Graduate Courses, Summer 2002


English 579:  Woman as Hero
Professor Harriet Malinowitz

The concept of the "heroic" traditionally contains the assumption that the hero is male.  Heroism is a public act, requiring agency in the public world, while the concept of the "heroine" is a diminutive one, in that the heroine exists only by virtue of her relationship to the hero.  Unlike a "heroine," a female "hero" (or, as Maya Angelou has put it, "shero") is often unrecognizable within the conventions of patriarchal ideology upon which heroic idealism is based.  This course will suggest titleernative ways of reading classic texts and will also consider more contemporary texts as we attempt to identify and explore female heroism in myth, fiction, theory, memoir, and film.  From the myth of Amor and Psyche to Thelma and Louise, we will examine archetypes of the woman hero who embarks on a journey (either literal or figurative), challenges the established order, and creates new possibilities of community, wholeness, and selfhood.

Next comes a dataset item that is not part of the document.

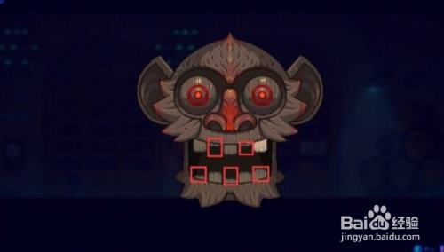 然后交互左边墙上的山公面具,呈现小游戏。这个游戏需要我们把山公的牙齿按下,参照适才看到的十字绣,把带叉的对应的牙齿按下去即可。

English 624:  Hemingway, Fitzgerald & the 1920s
Professor Howard Silverstein

Through an examination of their lives and selected works, this course will assess Hemingway and Fitzgerald's contribution to Modernism, their embodiment of the cultural highlights that mark the 1920s (the Expatriate Movement in Paris, Prohibition, flappers), and the influence they had on later writers.  The major texts of the course will include The Sun Also Rises, A Farewell to Arms, The Great Gatsby, and Tender is the Night.  Attention will also be given to the shorter fiction of these writers.  Students will be assigned several critical papers as well as an oral presentation.